I have been testing Tailscale in a POC scenario for about two weeks in a home environment (with hopes to POC it into a business environment if i find it successful).
I have a few devices connected and in one sample scenario, am running KDE Connect between a laptop and mobile phone. KDE Connect uses a dynamic set of ports in the range of 1714-1764.
I have setup an ACL to allow all hosts to speak over these ports. My rules are normally more restrictive, but in debugging have arrived at the below:
{ "Action": "accept", "Users": ["*"], "Ports": ["*:1714-1764"] },
I do not appear to see a successful connection just with this rule. The below is a tcpdump of traffic from the laptop received when refreshing KDE connect on the phone.
tcpdump: listening on tailscale0, link-type RAW (Raw IP), capture size 262144 bytes
09:25:17.850631 IP (tos 0x0, ttl 64, id 37889, offset 0, flags [+], proto UDP (17), length 1276)
100.99.104.86.45022 > 100.114.126.6.1716: UDP, bad length 1751 > 1248
09:25:17.850667 IP (tos 0x0, ttl 64, id 37889, offset 1256, flags [none], proto UDP (17), length 523)
100.99.104.86 > 100.114.126.6: ip-proto-17
09:25:21.136517 IP (tos 0x0, ttl 64, id 38023, offset 0, flags [+], proto UDP (17), length 1276)
100.99.104.86.38194 > 100.114.126.6.1716: UDP, bad length 1751 > 1248
09:25:21.136537 IP (tos 0x0, ttl 64, id 38023, offset 1256, flags [none], proto UDP (17), length 523)

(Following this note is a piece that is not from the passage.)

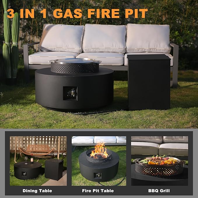 - Outdoor Gift for Any Occasion: This 32" propane fire pit table is a versatile 3-in-1 design—fire pit, coffee table, and BBQ grill. Perfect as a housewarming gift to create a cozy outdoor space, or a holiday surprise for parents and grandparents to enjoy warmth and family cookouts. As a wedding or anniversary gift, it adds romantic ambiance and practical function for gatherings. Also ideal for retirements and festive celebrations, making every outdoor moment memorable

100.99.104.86 > 100.114.126.6: ip-proto-17
If i manually add an INPUT rule in iptables on the laptop with the following, traffic starts to flow correctly and a connection is successful on KDE Connet refresh.
sudo iptables -A INPUT -i tailscale0 -p udp -s 100.99.104.86 --match multiport --dport 1714:1764 -j ACCEPT
Not sure if i am missing something in the TS ACL or if i have hit a currently limitation with handling of the ACL and UDP maybe, but keen for any insight.
if any additional debugging is needed, happy to help.